Occupancy rates in the KC Metro remained unchanged 94.6% from 2018 into 2019, and it is expected that vacancy will stay low in 2020. Aggregate lease rates for the Metro also went stagnant at an average of $13.27 PSF in 2018, and $13.26 PSF in 2019. Bankruptcies and store closings are a typical part of the business cycle, luckily those are offset by openings as new concepts emerge.

The most active tenants in 2019 were restaurants, fitness, medical, and entertainment, as opposed to soft goods and big box stores who have significantly tempered their growth. Retailers who are expanding are generally trending toward fewer physical locations, but the locations they do open are strategically located and integrated with their e-commerce tactics. Many online retailers are seeing targeted physical locations as a compliment to their e-commerce strategy, including Amazon.

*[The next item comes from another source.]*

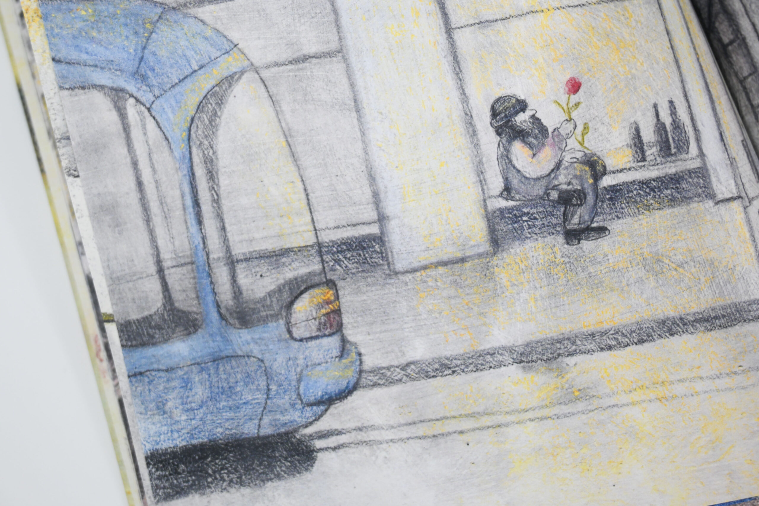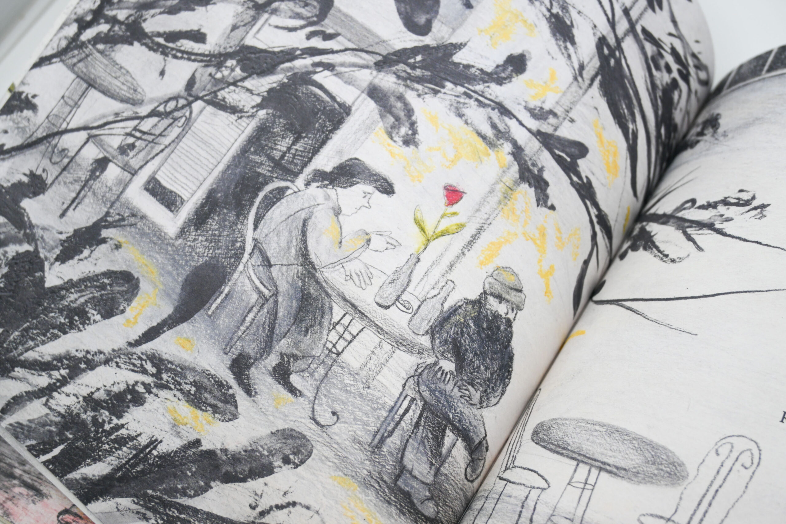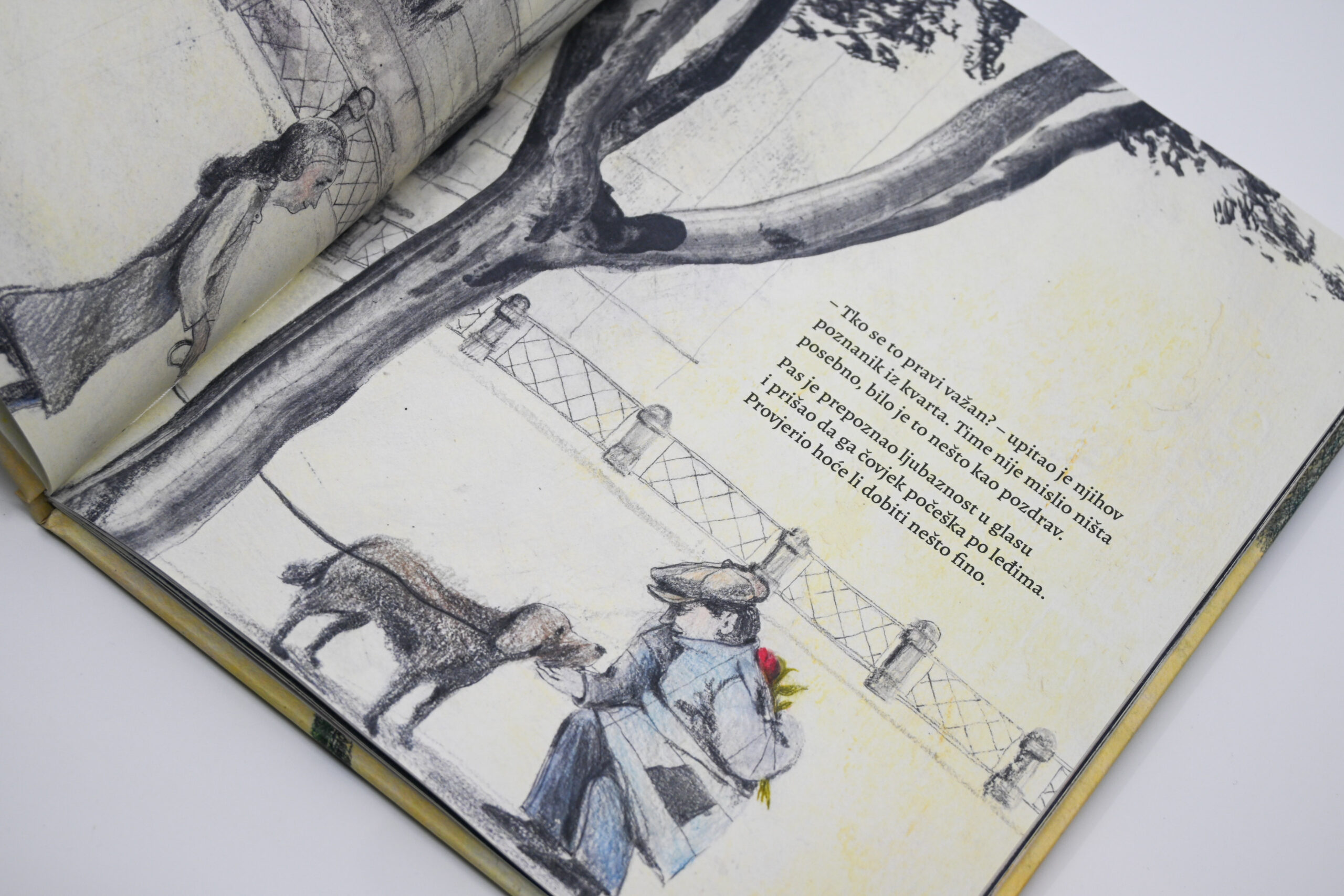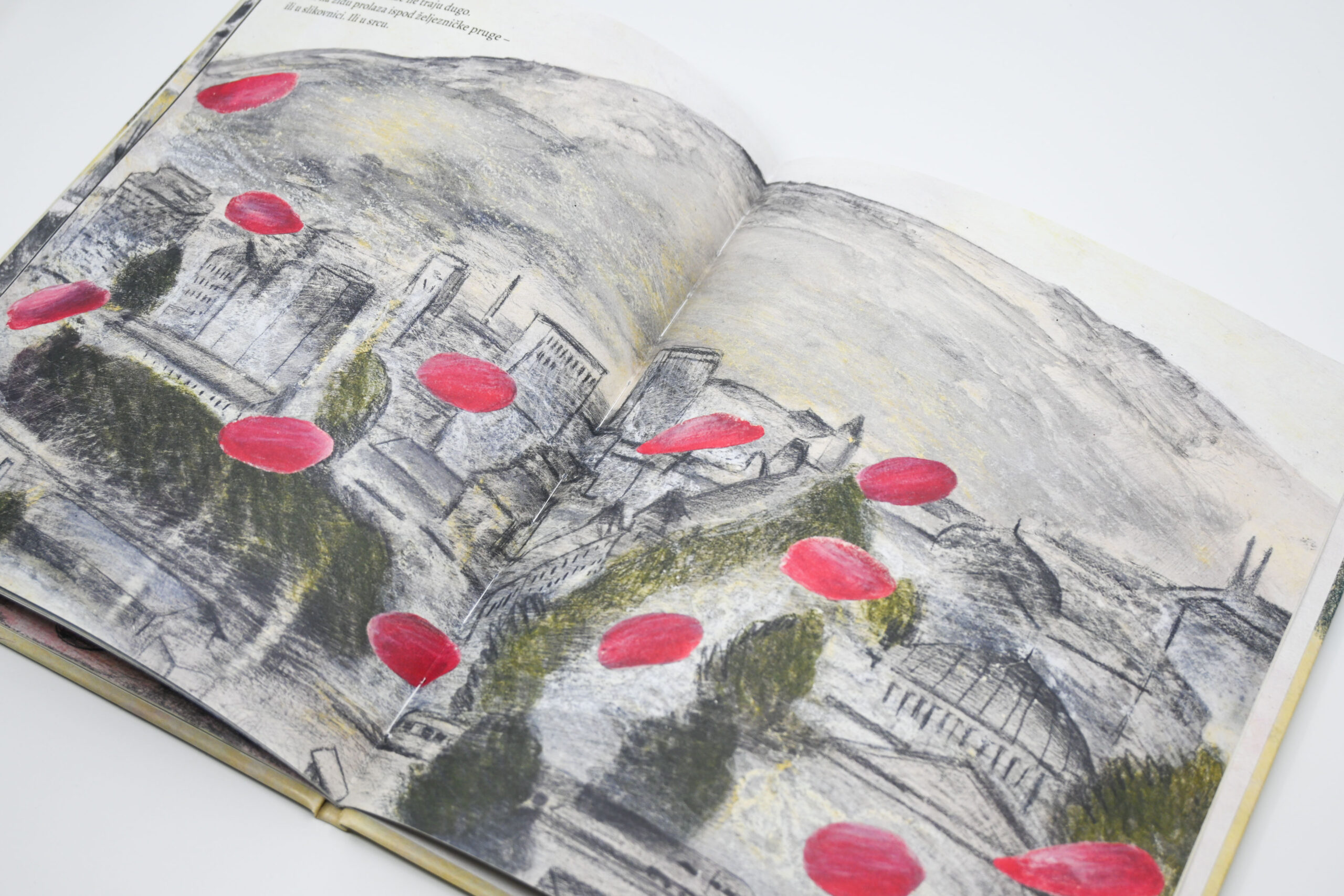 Nova slikovnica Sanje Lovrenčić i Dominika Vukovića prati putanju jedne ruže. Prelazeći iz ruke u ruku, crveni cvijet ocrtava obrise gradske četvrti kroz koju ga nose različiti likovi. Ta četvrt bogat je mikrosvijet u kojem se odvijaju slučajni susreti, mali dnevni rituali te nikad do kraja izrečene ljudske drame. Likovi među kojima ruža putuje pripadaju različitim društvenim skupinama: od šetača pasa, mladih roditelja, prodavačice u dućanu, stanovnice staračkog doma i mlade umjetnice, do marginalaca kao što su ostarjeli beskućnik i ulični svirač. Svi su oni, međutim, povezani jednostavnom gestom ljubaznosti: predajom ruže u sljedeću ruku. Ruža tako postaje metafora zajedništva kojom je pro­tkano gradsko tkivo, unatoč razlikama koje ga prožimaju. Konačno, taj lomljivi cvijet tematizira krhkost svake nježne geste ali – upravo zato – i njezinu ljepotu.

A side effect of e-commerce integration and service-focused tenants taking up retail space, local municipalities may start to see declining income from sales tax. Taxable sales for the entire KC Metro dropped slightly in the first six months of 2019 compared to the first six months of 2018 despite a strong economy. Local municipalities have to account for this as even more service-based tenants move into retail centers that don’t generate sales tax, particularly medically oriented users.

Aside from the settling impact of e-commerce, the bifurcation of corporate retailers versus smaller local tenants seems to be hitting a comfortable equilibrium as well; both are succeeding in their own right. Local, or “mom and pop,” tenants are generally better suited when it comes to customer service and personal attention, while corporate retailers tend to have the edge when it comes to value-oriented products and concepts. That doesn’t mean the corporate retailers are giving up on trying to improve customer service. Interaction with customers is vital to any brand, especially those trying to differentiate themselves within the retail market, and a big reason to expect new concepts embracing brick-and-mortar positions.